American crewed-submersible company

OceanGate Inc. is an American privately owned company based in Everett, Washington, that provided crewed submersibles for tourism, industry, research, and exploration. The company was founded in 2009 by Stockton Rush and Guillermo Söhnlein.

The company acquired a submersible vessel, Antipodes, and later built two of its own: Cyclops 1 and Titan. In 2021, OceanGate began taking paying tourists in Titan to visit the wreck of the Titanic.
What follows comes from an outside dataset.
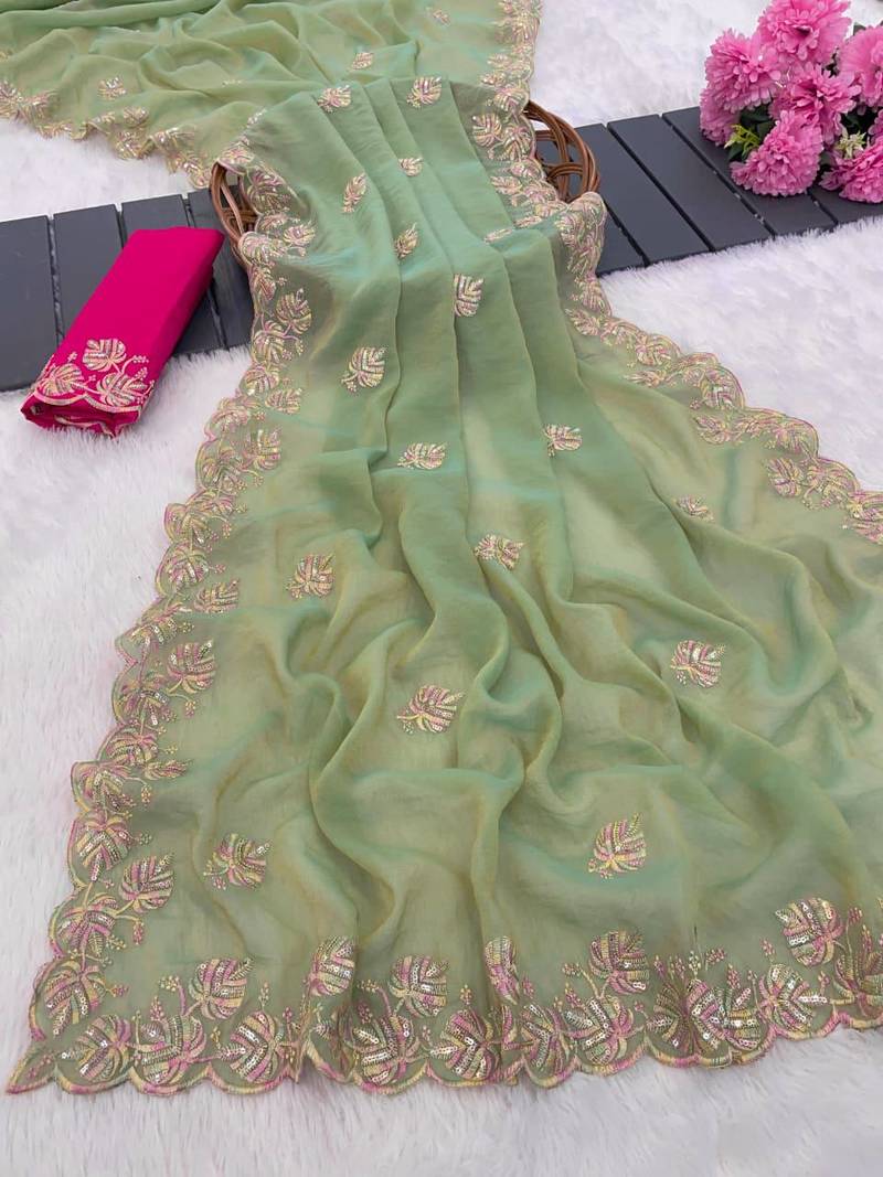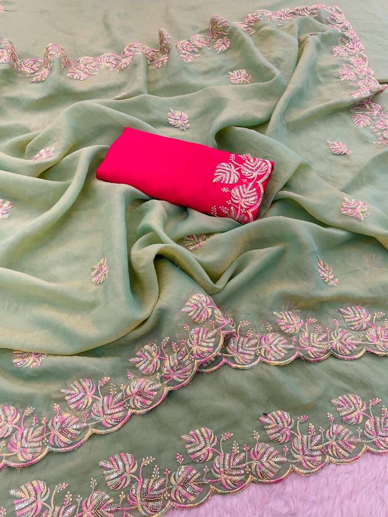 | Product Name | Mint Color Sequnce With Multi Thread Work With Cut Work Border Chiffon Saree | |

In 2022, the price to be a passenger on an OceanGate expedition to the Titanic shipwreck was $250,000 per person.

On June 18, 2023, Titan imploded during a voyage to the Titanic wreck site, killing all five occupants on board, including Rush. An international search and rescue operation was launched, and on June 22 the wreckage was found on the seabed about 1600 ft from the Titanic wreck site. Although OceanGate claimed to have “partnered with aerospace experts at the University of Washington, NASA and Boeing on the design of our hull,” all three denied any part in Titan’s design or construction in the wake of the loss of the submersible.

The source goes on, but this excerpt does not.